YOUR OBJECTIVE: Transcribe the listing in full, word for word; pictures do not belong in the copy.

DATA:
^^^^^^^^^^^^^^^^

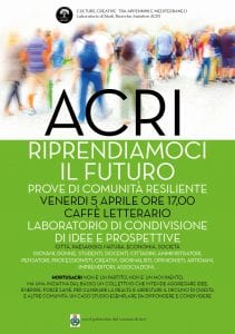 “Acri, riprendiamoci il futuro: prove di comunità resiliente”, è il claim dell’incontro che si terrà il 5 aprile, alle 17, nello spazio del Caffè Letterario di Palazzo Sanseverino. Oltre ad essere uno slogan dall’impatto accattivante e coinvolgente, il vero spirito dell’incontro è un’esortazione diretta a quanti non vogliono subire il corso delle cose, e non ci stanno a rimanere dentro il corto circuito tipico del nostro sud, “fulminato” spesso da sbalzi di rassegnazione e disinteresse.
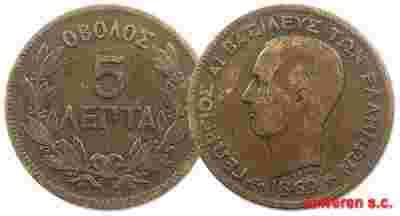 21.GRECJA, JERZY I, 5 LEPTA 1869 BB
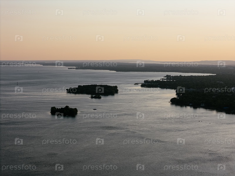 Вид с воздуха на полуостров маяка Rene-Levesque Park в Лачине, Монреаль вдоль реки Святого Лаврентия на закате. г

^^^^^^^^^^^^^^^^

TASK OUTPUT:
 “Acri, riprendiamoci il futuro: prove di comunità resiliente”, è il claim dell’incontro che si terrà il 5 aprile, alle 17, nello spazio del Caffè Letterario di Palazzo Sanseverino. Oltre ad essere uno slogan dall’impatto accattivante e coinvolgente, il vero spirito dell’incontro è un’esortazione diretta a quanti non vogliono subire il corso delle cose, e non ci stanno a rimanere dentro il corto circuito tipico del nostro sud, “fulminato” spesso da sbalzi di rassegnazione e disinteresse.
 21.GRECJA, JERZY I, 5 LEPTA 1869 BB
 Вид с воздуха на полуостров маяка Rene-Levesque Park в Лачине, Монреаль вдоль реки Святого Лаврентия на закате. г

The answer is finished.